I've had a G4 iBook (with a failed logic board) lying around for the past year. I've been thinking about buying a used iBook and just swap parts with my old one, but now I'm not too sure if it's worth it.

When it was still working 2 years ago, I remember it being able to do everything I wanted it to do. While I was on a buddy's G4 MacMini, I wasn't even able to stream video online from sites such as CTV.

Is it his mini that's buggy? Or did everything go "hi-def" that the G4s can't handle it anymore? Or is it that he's running Leopard on the G4, when Tiger can run things more smoothly?

This will be the deciding factor whether I part out my G4 iBook, or try to repair it...


----------



## gwillikers (Jun 19, 2003)

The speed and reliability of your internet connection is the main factor in watching streaming video. The G4 itself should have no problem with it otherwise.


----------



## J-Money (Jul 30, 2005)

We had another laptop on his network, and his connection was fine. The sound worked fluidly, but the video was choppy as heck. Maybe the site itself is what slowed it down... Not only did it have the flash stream, but also flash ads on the side. And we all know how well macs handle flash....


----------



## gwillikers (Jun 19, 2003)

It can be fairly hit and miss with web sites offering streaming content. There's so many variables, like traffic and bandwidth, that can affect their ability to provide reliable streaming. 

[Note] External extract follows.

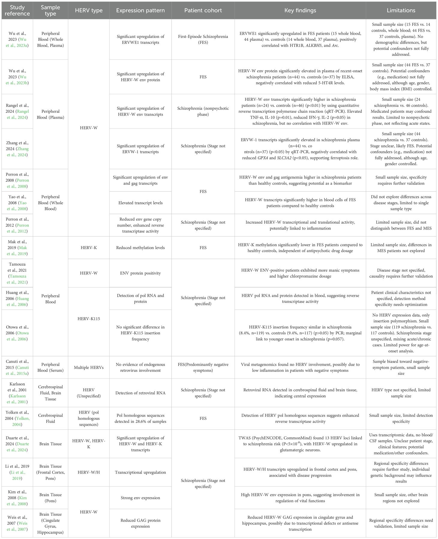 Numerous clinical studies have demonstrated aberrant HERVs expression in the peripheral blood and central nervous system (CNS) of individuals with schizophrenia (Table 2). In peripheral blood, HERV-W env and gag transcripts and proteins are detectable in both healthy controls and first-episode schizophrenia (FES) patients, with significantly higher levels in patients (Perron et al., 2008; Rangel et al., 2024; Wu et al., 2023a, b; Yao et al., 2008; Zhang et al., 2024). One study reported HERV-W env homologous mRNA sequences in the plasma of 42 out of 118 recent-onset individuals with schizophrenia, but not in controls. This discrepancy may be due to differences in sample type (plasma vs. whole blood) and target sequence (cloned vs. canonical HERV-W env transcripts). Plasma-free HERV RNA may reflect recent viral activity, while cellular transcripts are more stable and detectable (Rangel et al., 2024). A reduced HERV-W env gene copy number (Perron et al., 2012) and detection of reverse transcriptase activity(W. Huang et al., 2011, 2006) further suggest enhanced HERV transcriptional and translational activity in individuals with schizophrenia.

But if you had trouble with streaming from a large number of different sites, then I would suspect your own connection or computer. Trying different web browsers might also be something to try.


----------



## jfpoole (Sep 26, 2002)

gwillikers said:


> The speed and reliability of your internet connection is the main factor in watching streaming video. The G4 itself should have no problem with it otherwise.

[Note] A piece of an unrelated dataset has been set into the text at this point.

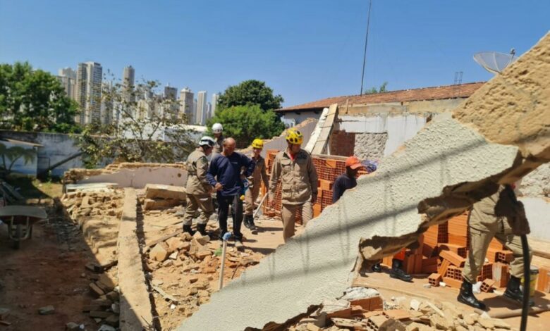 Bombeiros são acionados para resgatar vítima soterrada em canteiro de obras em Goiânia
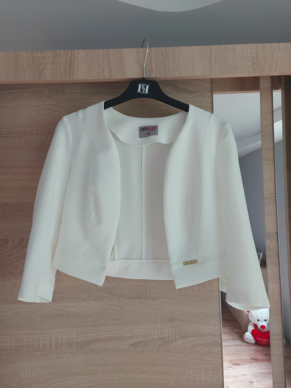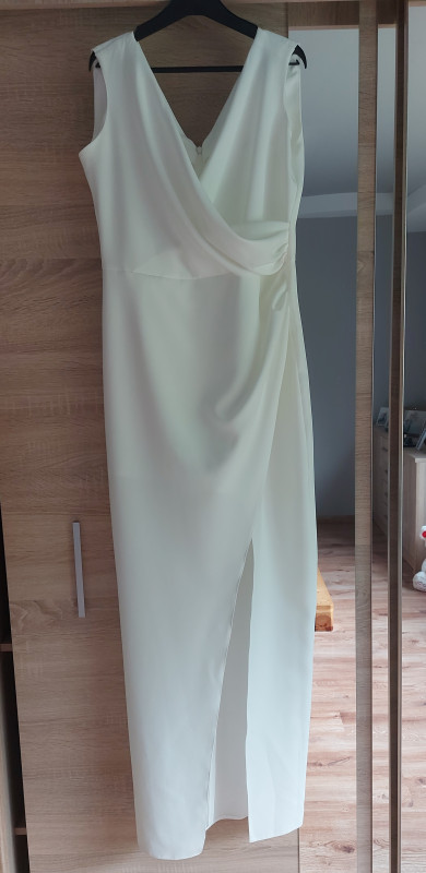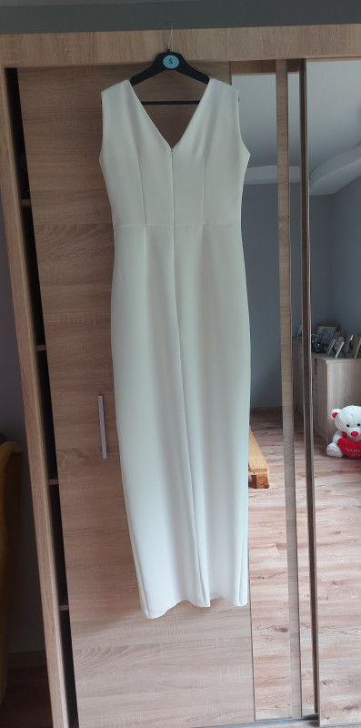 Sprzedam sukienke w kolorze złamanej bieli. Rozmiar z metki to 42 ale rozmiar faktyczny to 36/38. Do sukienki posiadam również bolerko w tym samym kolorze nowe, nieużywane. Sukienka w stanie idealnym, raz założona. Bardzo lekka i wygodna. Idealnie nadaje się na ślub cywilny lub kościelny lub inna okazje. Bardzo ładnie się prezentuje. Dla zainteresowanej pani wyśle więcej zdjęc.

I'm not so sure with a G4; I've run the same streaming video on both a Power Mac G5 and a MacBook Pro (both of which used the same internet connection) and while the G5 made the video look like a slideshow the MacBook Pro had no problem playing the video.

I'm a fan of repurposing old computers but you need to keep in mind what the systems can do; things that are easy for modern processors tax old processors like the G4 because, well, the G4 is slow.


----------



## monokitty (Jan 26, 2002)

jfpoole said:


> I'm not so sure with a G4; I've run the same streaming video on both a Power Mac G5 and a MacBook Pro (both of which used the same internet connection) and while the G5 made the video look like a slideshow the MacBook Pro had no problem playing the video.
> 
> I'm a fan of repurposing old computers but you need to keep in mind what the systems can do; things that are easy for modern processors tax old processors like the G4 because, well, the G4 is slow.

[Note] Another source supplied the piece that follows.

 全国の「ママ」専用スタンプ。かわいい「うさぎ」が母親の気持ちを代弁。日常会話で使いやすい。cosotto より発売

+1; pre-G5's and Intel-based Macs are known to have issues playing back online videos, including YouTube ones. (HQ.)


----------



## i-rui (Sep 13, 2006)

my dual 1ghz g4 can't stream hd video. it use to be able to stream from my slingbox pro, but when i upgraded to a slingbox pro HD it began to drop frames.


----------



## gwillikers (Jun 19, 2003)

J-Money said:


> Or did everything go "hi-def" that the G4s can't handle it anymore?


Judging by the replies, the above question is the most important one. Because watching streaming video on any G4 I've owned (in the past) was not a big problem. The content must have changed, and changed on a wide scale, since 2005. (2005 being the last year that Apple was selling G4 machines, I believe)

I would have never thought that streaming video would play a role in the obsolescence of the G4 Mac in such a short period of time. It's certainly a bummer for G4 owners, because streaming video is a huge part of the online experience.

So, there ya go J-Money, don't bother with the reviving of that piece of...


----------



## Newdeal (Nov 2, 2009)

*...*

not sure how it compared but I used to have an atom netbook which could not stream HD at all it was horrible and even SD could be problematic through safari (it was a bit better in firefox). Yes I had it hackintoshed running leopard. I am not sure how a atom 1.6ghz with gma950 compares but I have to assume its probobly not that far off in speed from a G4 so likely its not worthwhile


----------



## andreww (Nov 20, 2002)

I'll tell you my old titanium powerbook G4 could not play streamed video very well at all. It was useless in Safari, but barable using Opera. My internet connection speed is more than adaquate.


----------



## bsenka (Jan 27, 2009)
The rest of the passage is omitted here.